Five minutes later as the doctor emerged from her room, Jackson anxiously went to meet him. “How is she?”
“She’s fine. Better now,” the doctor said.
“Did she tell you who she is? Are there family members I can call?”
“She wouldn’t tell me anything. Just listened while I explained her injuries to her. I assured her that she will recover nicely in time and she seemed satisfied with that, but she wouldn’t answer any personal questions. I’m not sure at this point if she was being purposely evasive or if she even knows the answers.”
“What do you mean?” Jackson asked curiously.
“With a head injury like hers, there’s always the possibility that there are certain details she might not remember, some that may be too traumatic to remember. In any case, an
y memory loss would only be temporary. Since the bullet only grazed her temple, she’s actually very lucky.”
“Yeah, if you don’t consider the fact the bastard ran over her with her own car.”
“I didn’t go over any of that with her, and I don’t think anyone else should right now, either. Those are details she can learn in time when she’s more emotionally stable.”
“Yes. Of course.”
“I did explain some of the circumstances of the ‘accident’ to her. I told her that she had stopped to help someone in trouble and was subsequently hit by a car and that she suffered a minimal bullet wound to her head from the assailant. She asked for more details then, but I told her I didn’t know, which is the truth. She’s anxious for more answers, so you might want to explain some of the circumstances surrounding her injuries, but keep them to a minimum and don’t expound on the horrific details of what went on at the side of that road right now. As I said, she’s still very emotionally fragile.”

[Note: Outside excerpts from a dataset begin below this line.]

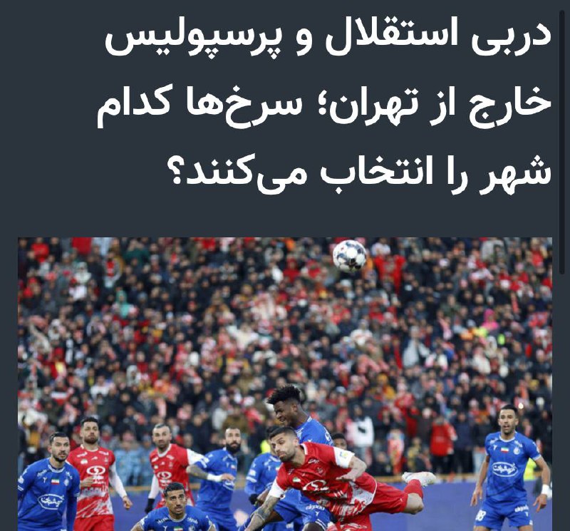 🚨🔴🤩 فوتبالی: دربی هفته دوازدهم مانند سال گذشته در خارج از تهران برگزار خواهد شد.
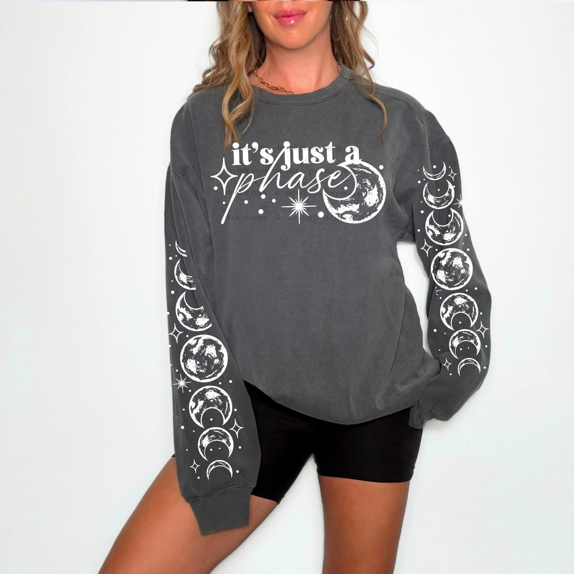 It's Just a Phase with coordinating moon phase sleeve prints. Shown on Comfort Colors Pepper. Crewneck will be Gildan Charcoal
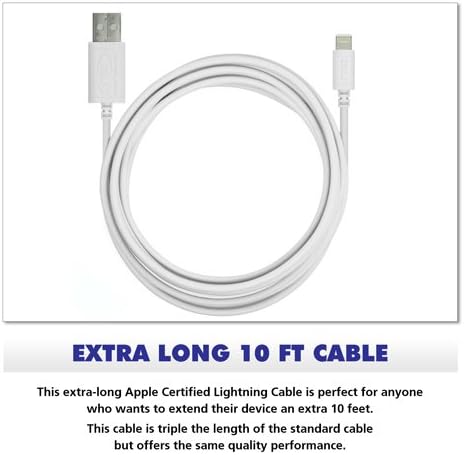 • LIGHTNING CABLE - LENGTH: 10 Feet, 3 Meters. COLOR: White.
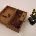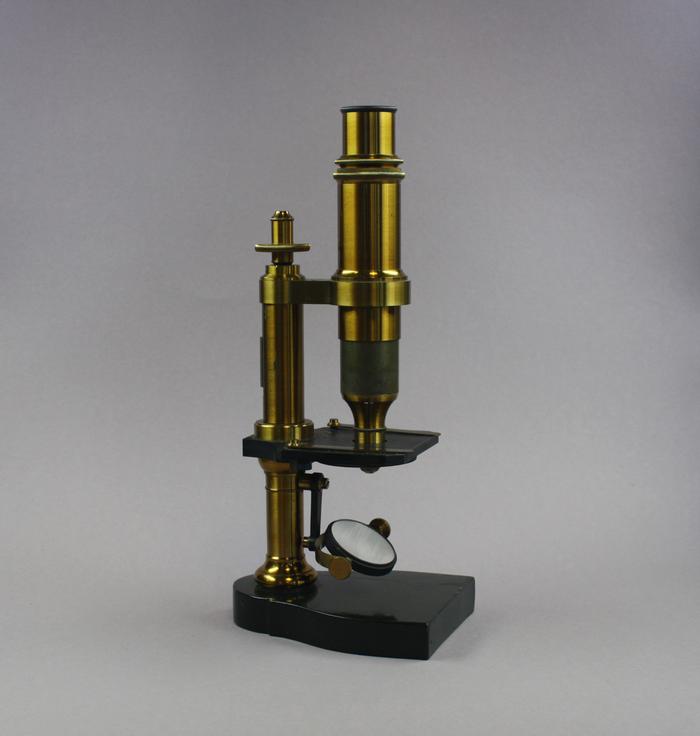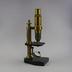 Microscope de laiton, pied de fonte avec: - 1 objectif - 1 oculaire - 1 petit objectif dans boîte noire gainée de rouge (manque 2 éléments) - lames carrées et rectangulaires dans un coffret de bois tâché.
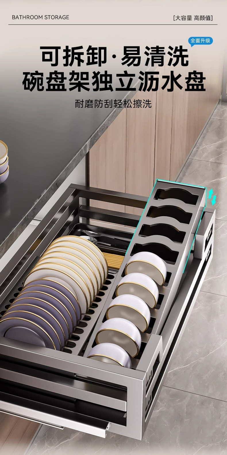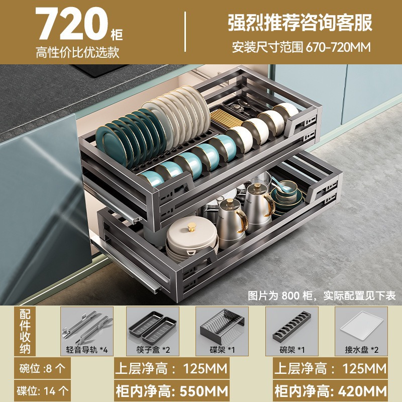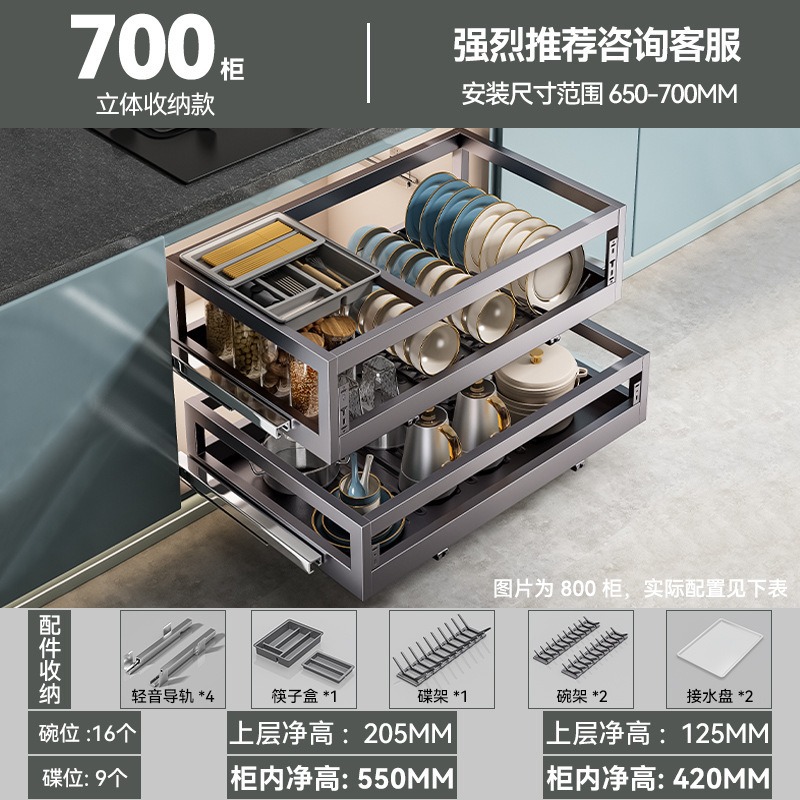 • Starry Sky Grey [공간 업그레이드] 750 캐비닛 더블 레이어 - 두꺼워진 저소음 댐핑 가이드 레일
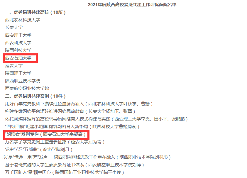 日前,陜西省高校易班發(fā)展中心組織開展2021年度全省易班共建高校評(píng)選活動(dòng),對(duì)易班建設(shè)先進(jìn)集體和優(yōu)秀個(gè)人進(jìn)行表彰。我校被評(píng)為“優(yōu)秀易班共建高?!?,由我校申報(bào)的《朗讀者》系列專欄被評(píng)為“優(yōu)秀易班共建案例”,學(xué)生工作部(處)余靚豪同志被評(píng)為“優(yōu)秀易班指導(dǎo)教師”,機(jī)械工程學(xué)院輔導(dǎo)員馬舒宇老師被評(píng)為“優(yōu)秀易班輔導(dǎo)員”,機(jī)械工程學(xué)院機(jī)械1904班仲衡同學(xué)被評(píng)為“優(yōu)秀易班工作站站長(zhǎng)”。
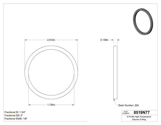 1/8 (3.17 mm) Kesirli Genişlik, Dash Numarası 224
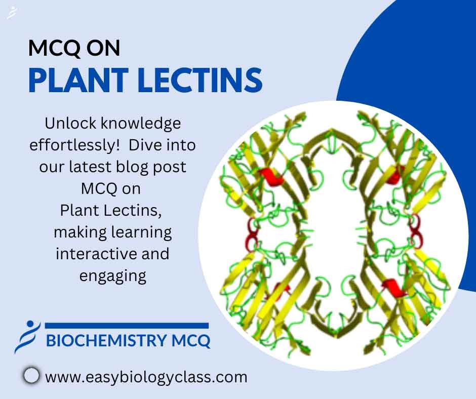 Lectins are proteins found in plants, animals, and microorganisms that bind specifically to carbohydrates. They play roles in cell recognition, immune response modulation, and various biological processes by interacting with sugars on cell surfaces or glycoconjugates. This is an MCQ on Lectins from Plants and its Applications.
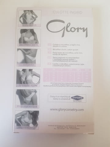 Glory Ingrid безшевни боксерки с нормална талия, които са едновременно с това безшевни с лазерно изрязване по краищата около бедрата, произведени от италианската марка за безшевно бельо Glory / Глори, която е част от марките на италианска конгломерат Pompea / Помпеа. Липсата на шевове около бедрата прави този модел изключително удобен и е идеален за тези, които търсят артикул, който е невидим под плътно прилепнали дрехи. На вътрешния етикет на всеки продукт е изписано, че е произведен в Китай / made in P.R.C. Цената е за 1 бр.
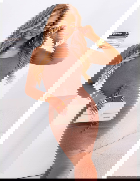 Prążkowana sukienka na ramiączkach Roseltha - mocha mousse to styl, który pokochasz od pierwszego założenia. Jej dopasowany krój pięknie podkreśla kobiece kształty, nie rezygnując przy tym z wygody. Ciepły, czekoladowy odcień mocha sprawia, że sukienka prezentuje się niezwykle elegancko i modnie. Delikatne ramiączka oraz klasyczny dekolt nadają jej lekkości, a wiązanie w talii podkreśla sylwetkę i dodaje uroku. To fason, który nie potrzebuje wielu dodatków, by wyglądać świetnie – sam w sobie robi wrażenie. Możesz założyć ją zarówno z sandałkami na co dzień, jak i z obcasami na wieczorne wyjście. Świetnie sprawdzi się również z ulubioną jeansową kurtką czy narzutką. Jest to sukienka, która łączy prostotę z nutą kobiecości i nowoczesności. Zdecydowanie wpisuje się w aktualne trendy i pasuje do wielu okazji. Jej uniwersalność sprawia, że stanie się jednym z Twoich ulubionych elementów garderoby.
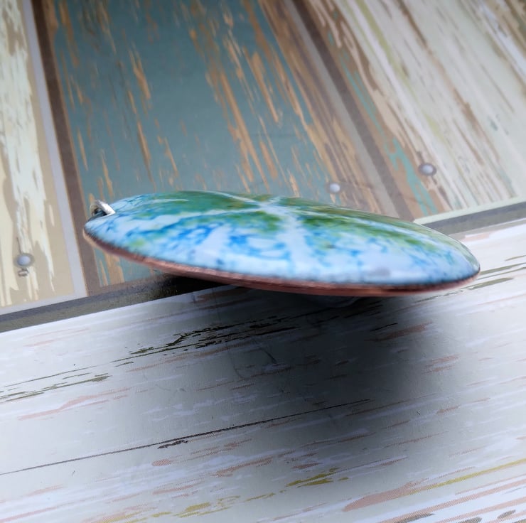Several coats of opaque and transparent enamel have combined to create this lovely piece. I have used lavender blue as a base and added Genoa blue and lime green transparent enamels over the top, scraping them away to create a starburst design. This has created a crackle design under a smooth, ultra glossy surface, with a unique shading effect. I will definitely be returning to this technique and colour palette.
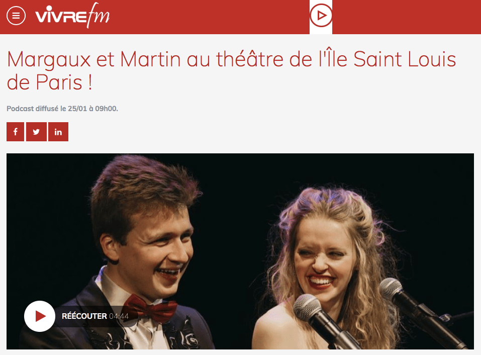VivreFM, janvier 2022 – Reportage en immersion au Théâtre de l’Île St-Louis pour notre concert du 22 janvier !
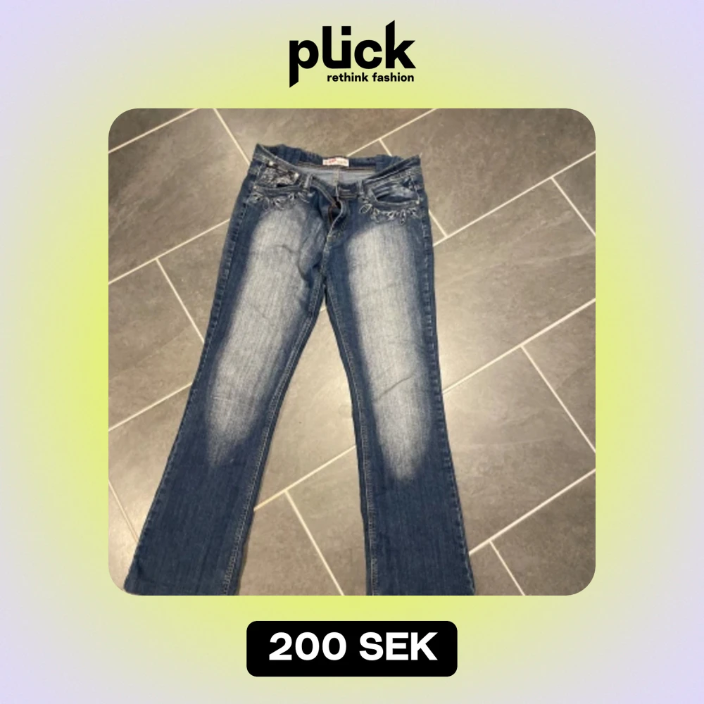 Jeans med mycket detaljer. Midjemått 90cm och längd 100cm. Har ansvänts många gånger men är i fint skick och är uppsydda
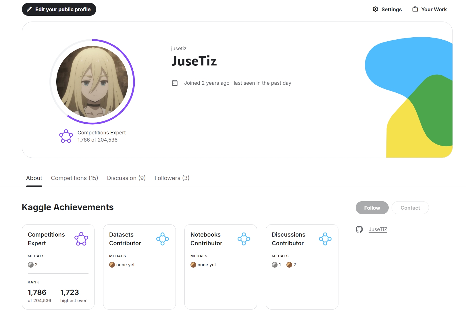 前一段时间 kaggle 拿到了第二块银牌,荣升竞赛专家(Competitions Expert)。
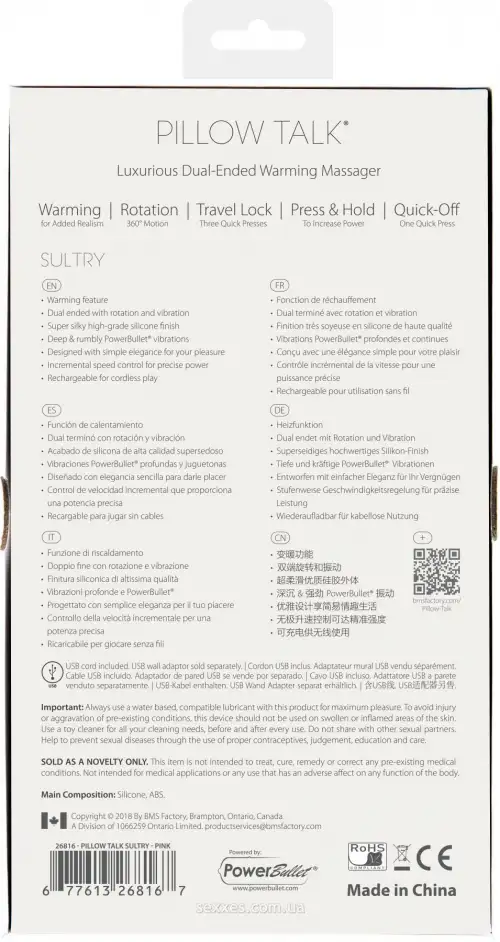 Pillow Talk - Sultry Vibrator Massager изготовлен из высококачественных материалов, безопасных для тела и легко чистящихся. Он имеет 10 режимов вибрации, поэтому вы можете найти идеальную настройку для своих нужд. Благодаря бесшумной работе он идеально подходит для незаметной игры или интимных моментов с вашим партнером. Кроме того, он заряжается от USB, так что вы всегда можете иметь его наготове, когда придет настроение!

“I understand,” Jackson assured the doctor. “Did you tell her why I was here? She seemed really upset that she didn’t know who I was.”
“Yes, I’ve explained to her that you are the brother of the other victim and that your interest is only one of concern. As she can’t seem to remember the accident, she didn’t know there was another victim, and I wasn’t able to supply her with much information leading up to what happened. So, she’d like to talk to you.”
“Of course,” Jackson said as he shook the doctor’s hand. “Thanks for everything, Dr. Morrison. I’ll be in touch with you tomorrow.”
As Dr. Morrison walked away down the corridor, Jackson approached the hospital room door, hesitated, then knocked softly.